What the exercise asks>
Reproduce all the entries exactly and keep the pictures out.

====== Exercise data

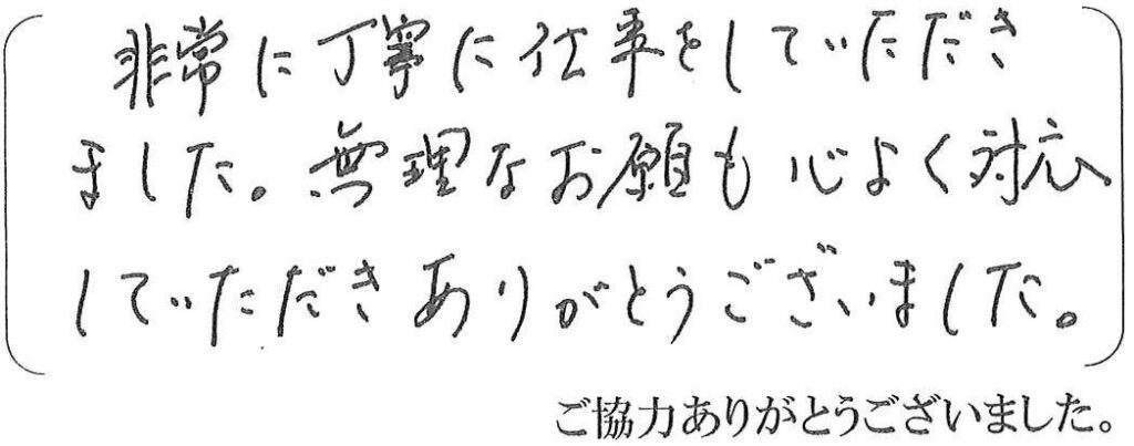 内装工事でお伺い致しました。生活をされていますといろいろ気になる所が出てくると思います。出来る事は併せて対応させて頂きますので仰って下さい。
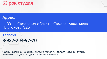 63, рок-студия по адресу 443011, Самарская область, Самара, Академика Платонова, 32Б в дальнейшем Организация, размещена в следующих категориях:
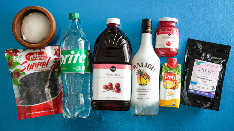 Next, pink rimming sugar is a must in order to bedazzle your glass. The rest of the drink consists of pineapple nectar or juice, cranberry juice, Malibu rum, and Sprite for a fizzy touch. If you want to make your cocktail extra special, Murphy-Lowe suggests adding pineapple slices and leaves, as well as Maraschino cherries, as garnishes.
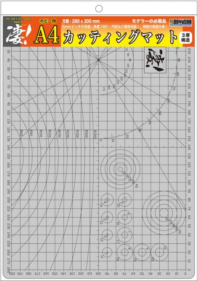 【サイズ】本体:300×220mm 【素材】PVC 1枚あるだけで作業効率アップ「A4カッティングマット」が凄!シリーズに登場! 作業台の保護はもちろん、10mm角のグリッド線付きで精密なカットのサポートに。 方眼:280×200mmに加え、角度を示す線やカーブ線など、カットの目安にお役立ち! プラモデル制作、DIYなど、幅広いジャンルで活躍間違いなし! 明暗の両面使用!! 表と裏で異なるデザイン!!
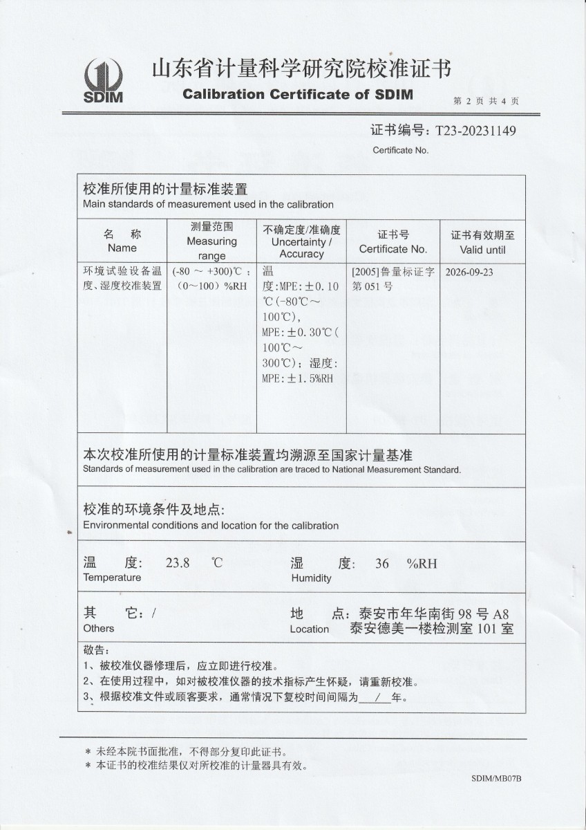 上一條:鉑熱電偶S23-7081檢定證書下一條:超低溫面源黑體爐(-40-80℃)校準證書
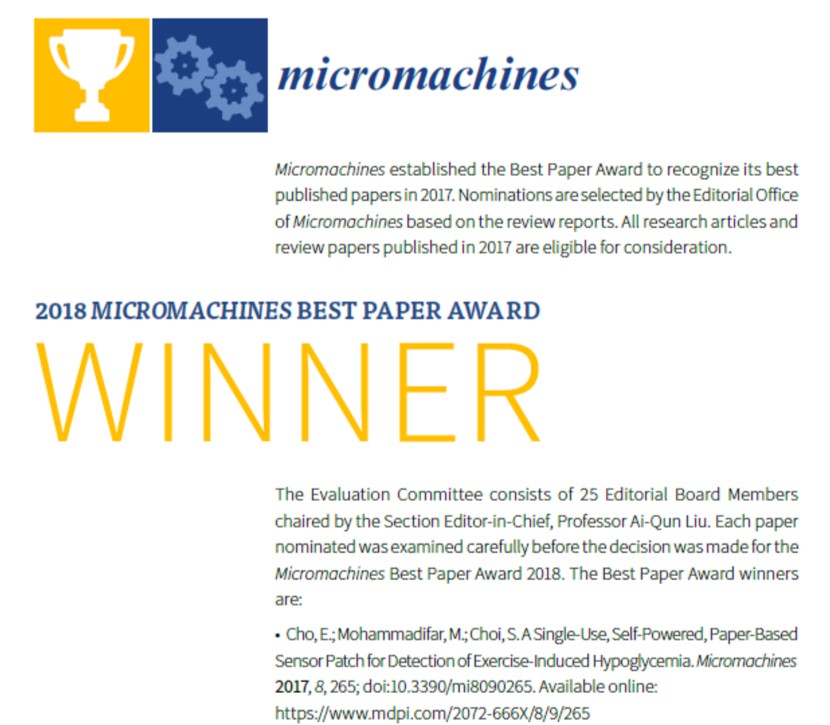 2019. 1. 8 - Our paper entitled "A single-use, self-powered, paper-based sensor patch for detection of exercise-induced hypoglycemia," published in Micromachines, has been selected as the best paper in 2018.
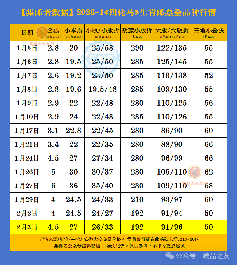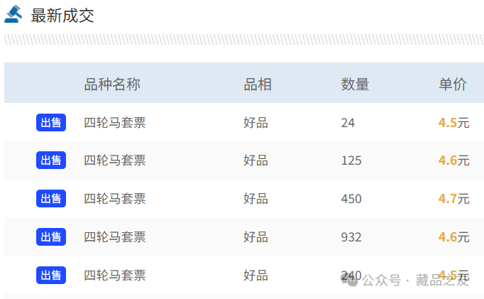 四轮马最新行情数据如下:点击下方卡片关注藏品之友
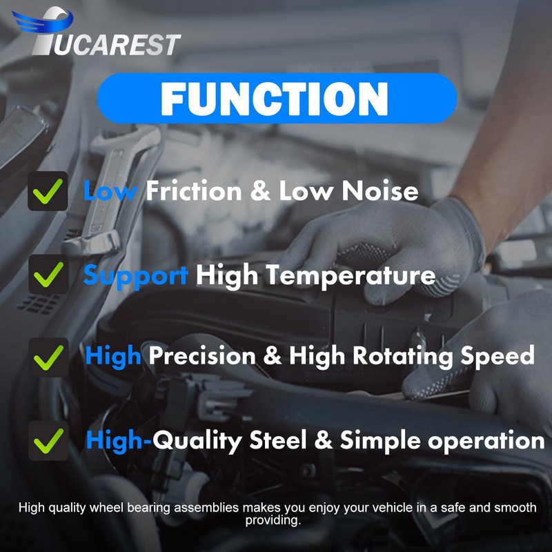 - Function: Wheel hub bearings can fix the tire and support the whole body's gravity, precise guidance for the rotation of the hub. High quality wheel bearing assemblies makes you enjoy your vehicle in a safe and smooth providing.
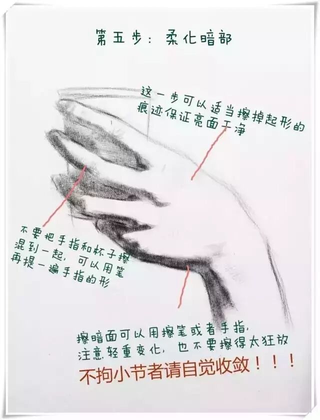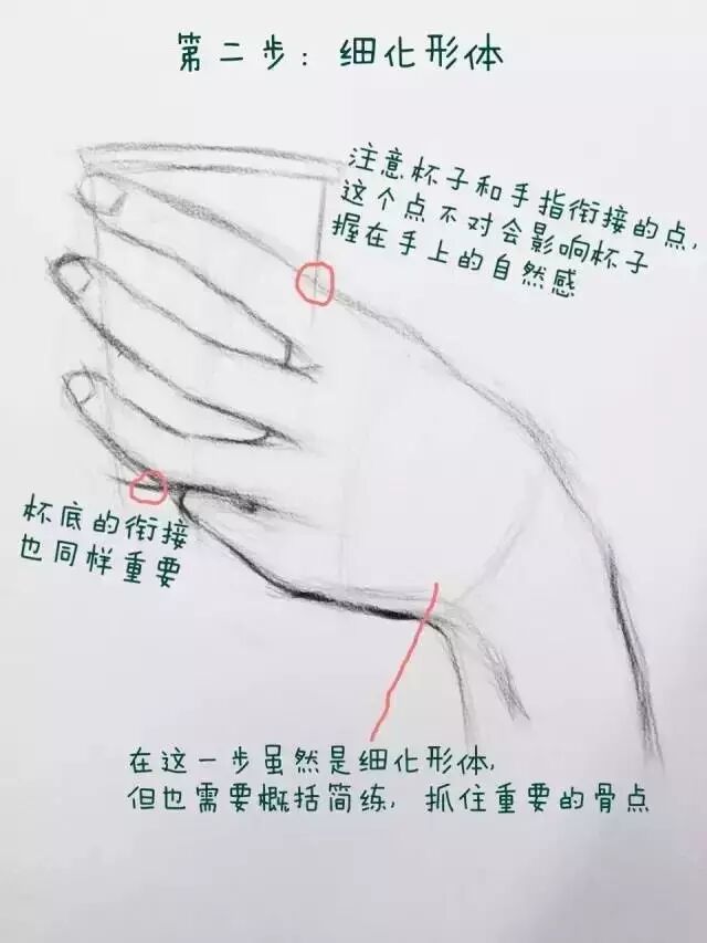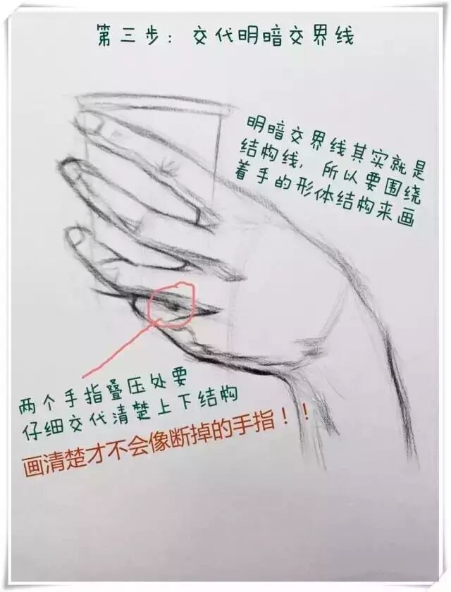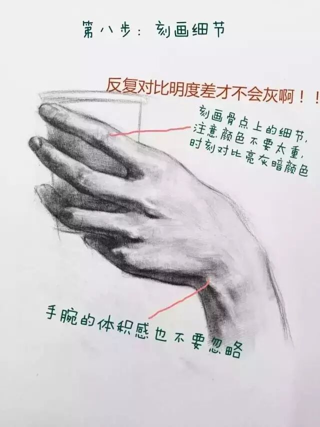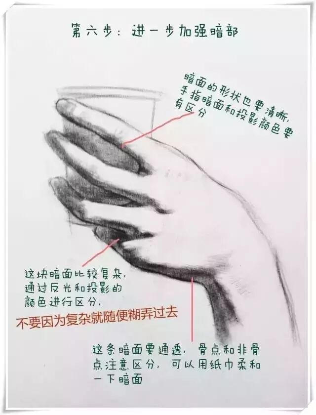 5/6 到了这一步就是重点刻画了,也就是整张手部画面的视觉中心在那,那里就是刻画的重点。这个手部姿态刻画重点在食指和中指关节。
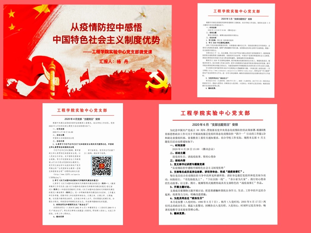 在抗疫情势好转回到武汉后,杨丹同志始终把宣传贯彻党的方针政策、落实抗击疫情各项举措放在首位,先后多次组织实验中心党员同志通过网络视频会议的形式,深入学习领会党中央方针政策和习近平总书记的讲话精神,编辑“从疫情防控中看中国特色社会主义制度优势”PPT文件,对实验中心党员统一思想,提高认识、凝聚力量、发挥党支部战斗堡垒作用有着重要意义。
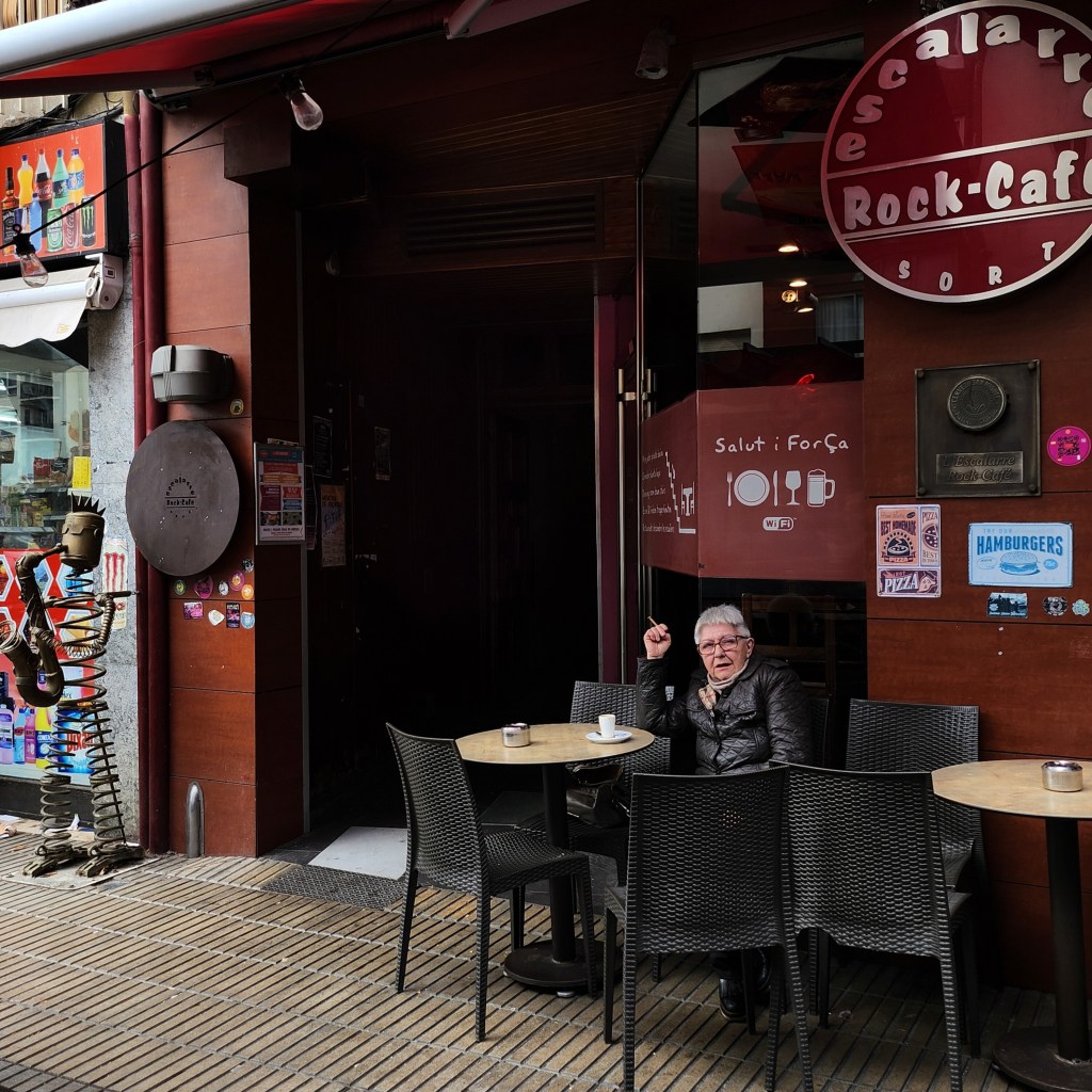 La música suena constantemente en el Escalarre a un volumen que no impide conversar. Durante todo el día conversan, en las mesas de la terraza y el local, gente de todas las edades. ¿Cómo consigue un ambiente tan aparentemente concebido para jóvenes muy jóvenes atraer a lugareños y forasteros, jóvenes y viejos por igual? Atribuyo el fenómeno a cierto tipo de magia que Alex asigna a la música y que yo asigno a la empatía. Un día llegué al Escalarre con la mente cargada de problemas y el alma soportando ese peso con dolor. Alex pasó por mi mesa, se detuvo a saludar y algo percibiría en mi expresión.
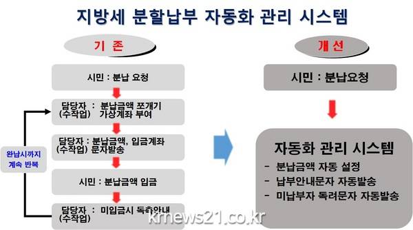 광주시 지방세 분할납부 자동화 시스템을 통해 기존에는 시민이 수시로 분할 납부를 요청하여 입금계좌를 부여받거나, 여러 명의 담당자가 각자 분납 신청자를 관리하며 매월 수작업으로 문자 발송 및 분납 관리를 하였으나 이를 모두 자동화함으로써 수작업 관리 업무로 인한 행정력 낭비를 방지하고 Smart한 행정운영을 추진할 수 있게 되었다.

============

Task response>
 内装工事でお伺い致しました。生活をされていますといろいろ気になる所が出てくると思います。出来る事は併せて対応させて頂きますので仰って下さい。
 63, рок-студия по адресу 443011, Самарская область, Самара, Академика Платонова, 32Б в дальнейшем Организация, размещена в следующих категориях:
 Next, pink rimming sugar is a must in order to bedazzle your glass. The rest of the drink consists of pineapple nectar or juice, cranberry juice, Malibu rum, and Sprite for a fizzy touch. If you want to make your cocktail extra special, Murphy-Lowe suggests adding pineapple slices and leaves, as well as Maraschino cherries, as garnishes.
 【サイズ】本体:300×220mm 【素材】PVC 1枚あるだけで作業効率アップ「A4カッティングマット」が凄!シリーズに登場! 作業台の保護はもちろん、10mm角のグリッド線付きで精密なカットのサポートに。 方眼:280×200mmに加え、角度を示す線やカーブ線など、カットの目安にお役立ち! プラモデル制作、DIYなど、幅広いジャンルで活躍間違いなし! 明暗の両面使用!! 表と裏で異なるデザイン!!
 上一條:鉑熱電偶S23-7081檢定證書下一條:超低溫面源黑體爐(-40-80℃)校準證書
 2019. 1. 8 - Our paper entitled "A single-use, self-powered, paper-based sensor patch for detection of exercise-induced hypoglycemia," published in Micromachines, has been selected as the best paper in 2018.
 四轮马最新行情数据如下:点击下方卡片关注藏品之友
 - Function: Wheel hub bearings can fix the tire and support the whole body's gravity, precise guidance for the rotation of the hub. High quality wheel bearing assemblies makes you enjoy your vehicle in a safe and smooth providing.
 5/6 到了这一步就是重点刻画了,也就是整张手部画面的视觉中心在那,那里就是刻画的重点。这个手部姿态刻画重点在食指和中指关节。
 在抗疫情势好转回到武汉后,杨丹同志始终把宣传贯彻党的方针政策、落实抗击疫情各项举措放在首位,先后多次组织实验中心党员同志通过网络视频会议的形式,深入学习领会党中央方针政策和习近平总书记的讲话精神,编辑“从疫情防控中看中国特色社会主义制度优势”PPT文件,对实验中心党员统一思想,提高认识、凝聚力量、发挥党支部战斗堡垒作用有着重要意义。
 La música suena constantemente en el Escalarre a un volumen que no impide conversar. Durante todo el día conversan, en las mesas de la terraza y el local, gente de todas las edades. ¿Cómo consigue un ambiente tan aparentemente concebido para jóvenes muy jóvenes atraer a lugareños y forasteros, jóvenes y viejos por igual? Atribuyo el fenómeno a cierto tipo de magia que Alex asigna a la música y que yo asigno a la empatía. Un día llegué al Escalarre con la mente cargada de problemas y el alma soportando ese peso con dolor. Alex pasó por mi mesa, se detuvo a saludar y algo percibiría en mi expresión.
 광주시 지방세 분할납부 자동화 시스템을 통해 기존에는 시민이 수시로 분할 납부를 요청하여 입금계좌를 부여받거나, 여러 명의 담당자가 각자 분납 신청자를 관리하며 매월 수작업으로 문자 발송 및 분납 관리를 하였으나 이를 모두 자동화함으로써 수작업 관리 업무로 인한 행정력 낭비를 방지하고 Smart한 행정운영을 추진할 수 있게 되었다.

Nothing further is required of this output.